Together with Apostolos Santis, he earned legendary status in Greece on account of their dramatic act – the date, April 30th 1941. The daring duo tore down the swastika from the Acropolis. It had been hung on the ancient monument by the occupying Nazis. In their words they determined to remove the flag as it “offended all human ideals”.

However he was to become frustrated by the attention given to this impulsive heroism, remarking that ‘everyone identifies me with the flag incident…but I had done things before that, I had done things after that, and I’m doing things now.’

Indeed he had. Across the decades Glezos was imprisoned twenty eight times by the Germans, the Italians and then by Greek governments, suffering torture and solitary confinement. At the coup d’état of 21 April 1967, Glezos was arrested as a leader of the Left Opposition. During the Regime of the Colonels, the military dictatorship led by Giorgos Papadopoulos, he was exiled until his release in 1971. Looking back on nearly 16 years of incarceration he commented:

“They say to survive in prison you should love yourself, eat and read. Well I never loved myself, I didn’t care about food but I constantly read.”

His mercurial life witnessed him struggling with the classical contradiction between the price of involvement in parliamentary politics and the necessity of an extra-parliamentary commitment to struggle from below. In fact he was elected to the Greek Parliament on four occasions prior to the 21st century, twice as a representative of the United Democratic Left in the 1960s whilst still in prison, twice in the 1980s on a PASOK ticket, at the time the Greek version of the British Labour Party. It would seem he was chastened by this latter experience, withdrawing from Parliament to devote himself to the nurturing of grass-roots democratic projects and initiatives.
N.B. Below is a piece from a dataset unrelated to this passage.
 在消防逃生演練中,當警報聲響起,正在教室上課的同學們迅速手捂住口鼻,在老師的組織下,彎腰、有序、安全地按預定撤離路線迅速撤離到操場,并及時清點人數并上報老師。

This focus was inspired by his love for the short-lived, but vibrant period of Athenian democracy, which in the words of Castoriadis sowed a seed, both frail yet hardy, for the future. When elected in 1986 as President of the Apeiranthos Community Council on Naxos, his home island, he immediately sought support for abolishing the privileges of the council, promoting the creation of a People’s Assembly founded on principles of direct democracy. Evidently the experiment was successful for many years, before it ran out of democratic steam. It would be fascinating to find out more about its demise, whether, to take but one factor, it foundered on the lack of a democratic commitment within a hierarchical Greek educational system.
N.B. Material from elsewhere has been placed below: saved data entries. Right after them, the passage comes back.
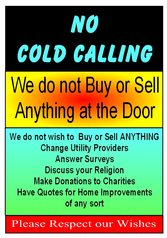 This is the sign I have on my door. Printed on A5 and laminated. Please feel free to use it. It seems to work with most Cold Callers except those who say they haven't seen it who are then directed to Specsavers
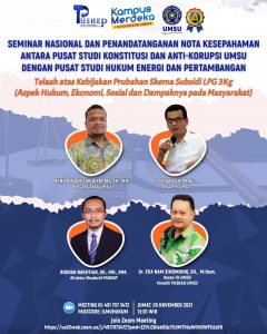 Pusat Studi Konstitusi dan Anti Korupsi (PUSKASI) Universitas Muhammadyah Sumatera Utara (UMSU) dan Pusat Studi Hukum Energi dan Pertambangan (PUSHEP) menyelenggarakan SEMINAR NASIONAL DAN PENANDATANGANAN NOTA KESEPAHAMAN ANTARA PUSKASI Universitas Muhammadyah Sumatera Utara ( UMSU ) sebagai kampus terbaik di kota Medan DENGAN PUSHEP pada hari Jum’at, 05 November 2021 pukul 13.30 WIB s.d. selesai.
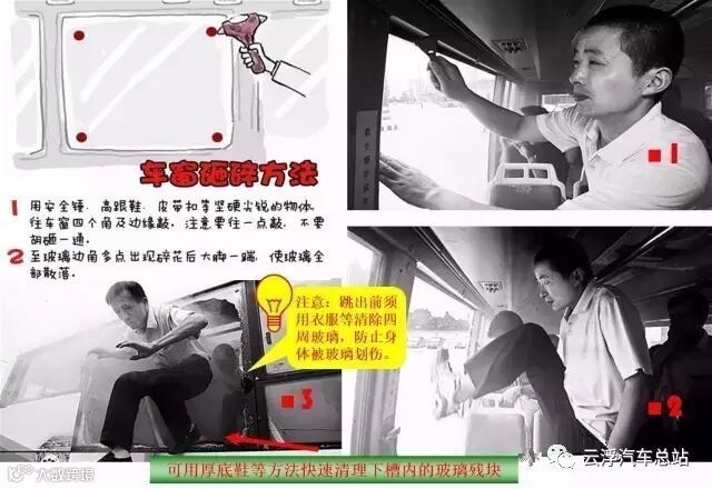 如果在乘坐车辆的过程中发现火灾或者闻到浓浓的烟味(汽油味),应当立即通知司机停车,然后采取以下三种途径逃生:

He returned to mainstream political activity as the new century beckoned, involved in the rise of a rainbow alliance of the radical Left, Synaspismos. which was to give birth to SYRIZA [The Coaliton of the Radical Left]. The streets, oι δρόμοι, beckoned too. In March 2010, Glezos was participating in an anti-austerity protest in Athens, when he was hit in the face by a police tear gas canister. He was carried away injured. Back in the corridors of power he was elected as a SYRIZA MP in 2012 as the new found party rose to power on a wave of popular, progressive support. Thence in 2014 he entered the EU parliament, gaining 430,000 votes, more than any other candidate in Greece. Once there he addressed the assembled by way of Euripides and Theseus, arguing that the European Union should aspire to the example afforded by Ancient Athens, a free city, free of tyranny and ruled by the many.
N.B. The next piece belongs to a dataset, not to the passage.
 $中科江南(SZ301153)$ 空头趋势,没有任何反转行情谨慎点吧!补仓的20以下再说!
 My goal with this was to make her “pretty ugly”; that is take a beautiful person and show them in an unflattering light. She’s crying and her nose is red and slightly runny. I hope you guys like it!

Unsurprisingly Glezos was appalled by SYRIZA’s capitulation to the Troika following the people’s overwhelming rejection of a deal with the creditors, expressed in the July 2015 Greek referendum. In the aftermath he is quoted as reflecting,

“I apologize to the Greek people because I took part in this illusion, let’s react before it is too late”.

For now it does seem late in the day. Political disillusionment remains the norm in my adopted country. For Glezos resistance still ran deep in his veins. In 2017 in a scene of unbearable poignance, on a rain-soaked November day, this remarkable man, 95 years of age at the time, paid lonely homage to the fallen of the 1973 Polytechnic Uprising.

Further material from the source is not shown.